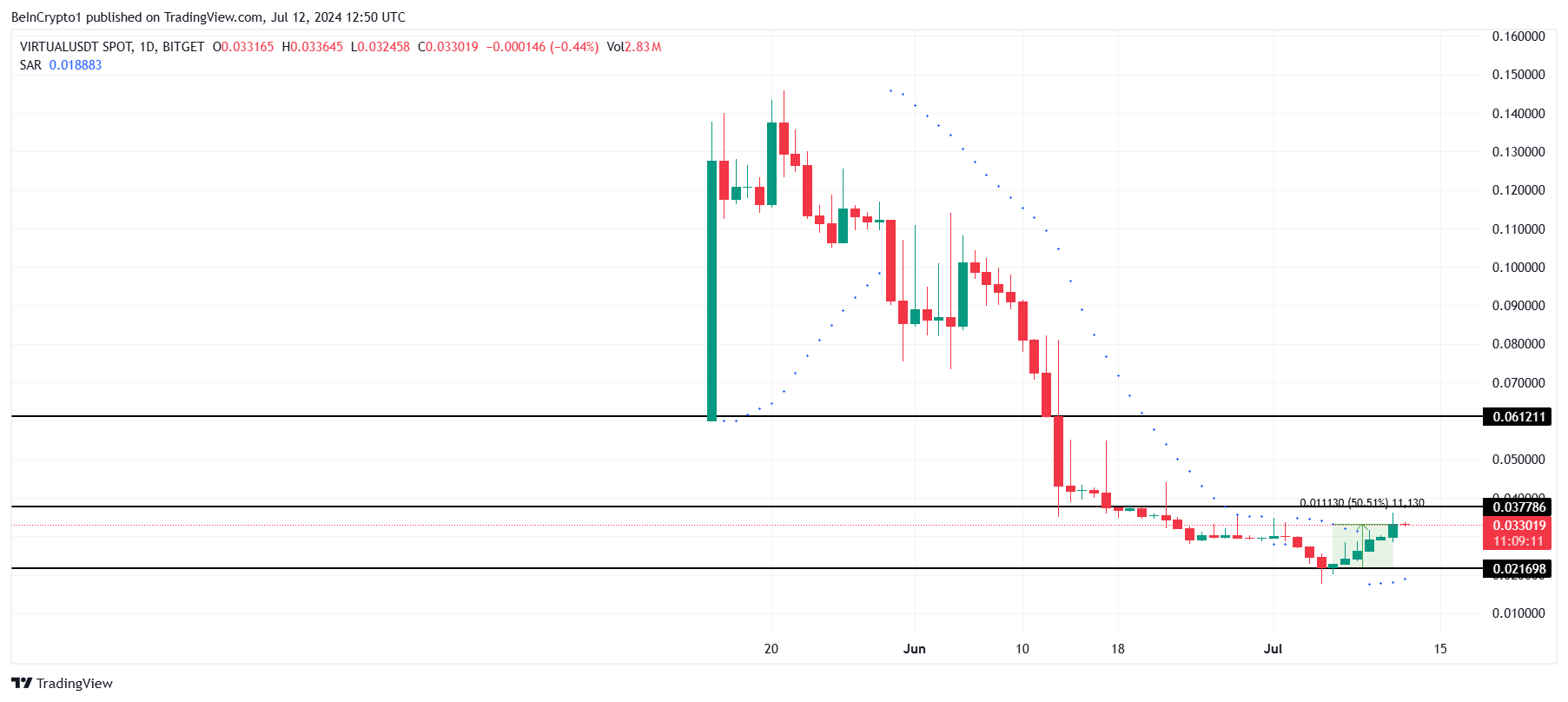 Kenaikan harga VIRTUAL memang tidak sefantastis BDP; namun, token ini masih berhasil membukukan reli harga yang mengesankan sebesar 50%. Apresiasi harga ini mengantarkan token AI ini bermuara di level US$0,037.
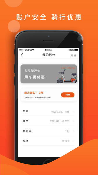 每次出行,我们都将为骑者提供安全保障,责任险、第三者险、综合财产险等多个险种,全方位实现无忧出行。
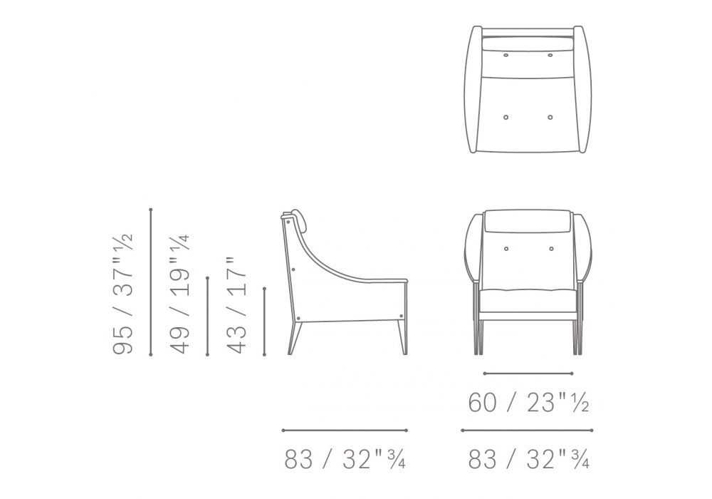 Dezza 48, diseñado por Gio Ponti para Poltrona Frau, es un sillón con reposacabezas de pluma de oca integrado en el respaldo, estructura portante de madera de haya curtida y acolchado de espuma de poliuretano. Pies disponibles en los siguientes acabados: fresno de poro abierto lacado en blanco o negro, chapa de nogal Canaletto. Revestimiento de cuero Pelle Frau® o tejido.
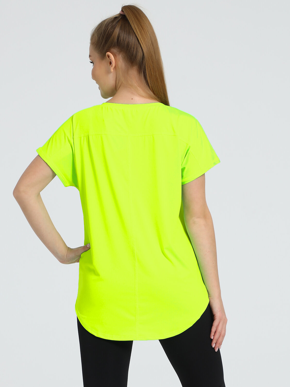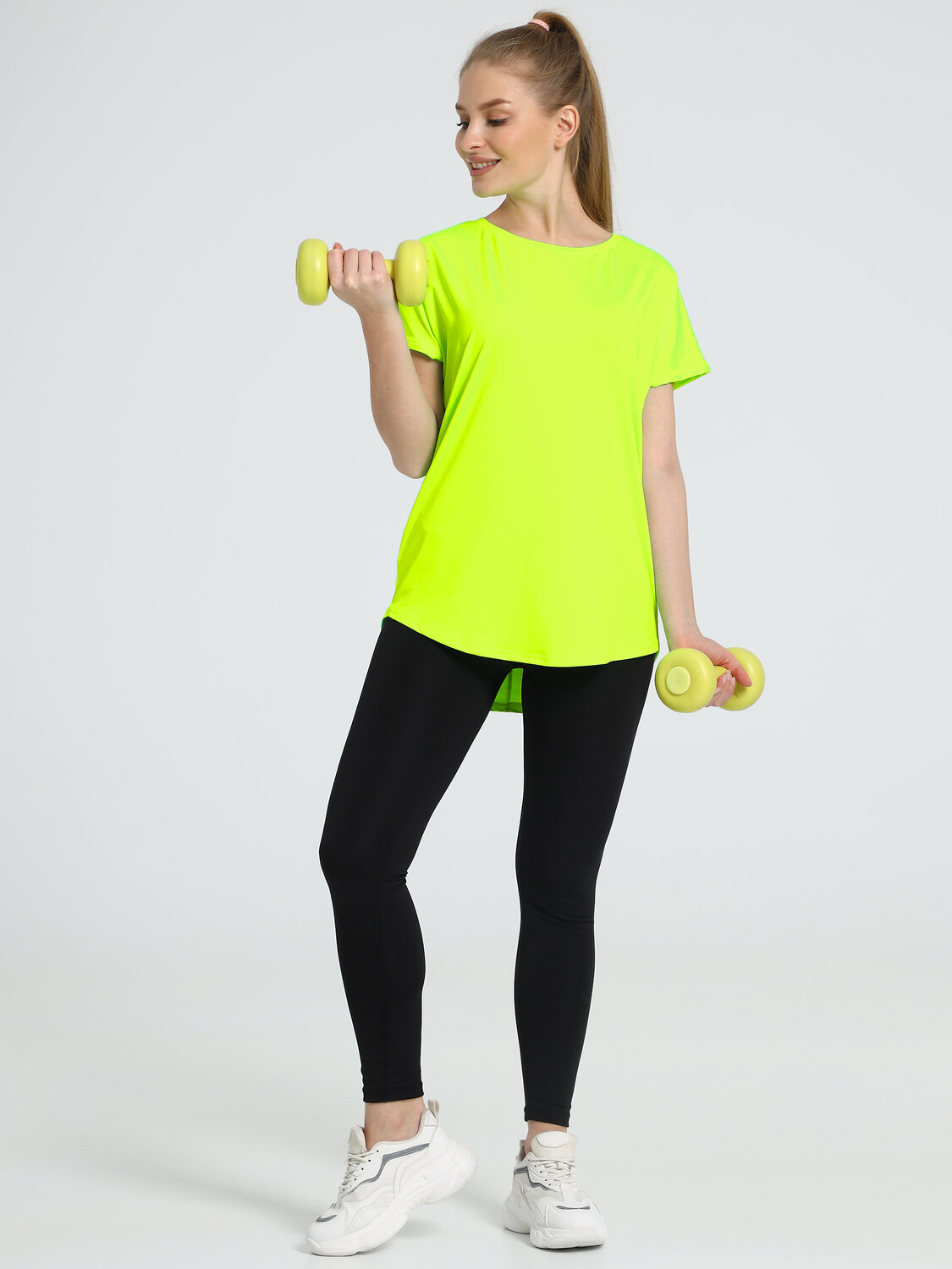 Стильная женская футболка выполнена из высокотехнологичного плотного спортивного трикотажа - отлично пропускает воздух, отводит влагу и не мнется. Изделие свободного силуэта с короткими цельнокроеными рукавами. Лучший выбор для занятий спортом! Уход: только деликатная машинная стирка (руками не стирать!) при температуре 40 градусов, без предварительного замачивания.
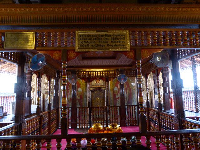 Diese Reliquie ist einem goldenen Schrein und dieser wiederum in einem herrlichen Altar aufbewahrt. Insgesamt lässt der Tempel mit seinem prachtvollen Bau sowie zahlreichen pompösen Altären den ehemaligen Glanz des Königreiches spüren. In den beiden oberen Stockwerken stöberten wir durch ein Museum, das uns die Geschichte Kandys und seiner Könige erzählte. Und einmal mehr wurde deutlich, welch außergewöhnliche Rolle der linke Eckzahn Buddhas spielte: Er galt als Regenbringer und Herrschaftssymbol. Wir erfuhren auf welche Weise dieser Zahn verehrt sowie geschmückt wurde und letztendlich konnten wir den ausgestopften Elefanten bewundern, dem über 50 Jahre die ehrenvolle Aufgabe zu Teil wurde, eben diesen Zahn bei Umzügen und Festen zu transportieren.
--*--
Exercise instructions:
Transcribe the lines above exactly, beginning at the one with "每次出行,我们都将为骑者提供" and ending at the one with "Стильная женская футболка". Include both; exclude the pictures.

Result of this exercise:
 每次出行,我们都将为骑者提供安全保障,责任险、第三者险、综合财产险等多个险种,全方位实现无忧出行。
 Dezza 48, diseñado por Gio Ponti para Poltrona Frau, es un sillón con reposacabezas de pluma de oca integrado en el respaldo, estructura portante de madera de haya curtida y acolchado de espuma de poliuretano. Pies disponibles en los siguientes acabados: fresno de poro abierto lacado en blanco o negro, chapa de nogal Canaletto. Revestimiento de cuero Pelle Frau® o tejido.
 Стильная женская футболка выполнена из высокотехнологичного плотного спортивного трикотажа - отлично пропускает воздух, отводит влагу и не мнется. Изделие свободного силуэта с короткими цельнокроеными рукавами. Лучший выбор для занятий спортом! Уход: только деликатная машинная стирка (руками не стирать!) при температуре 40 градусов, без предварительного замачивания.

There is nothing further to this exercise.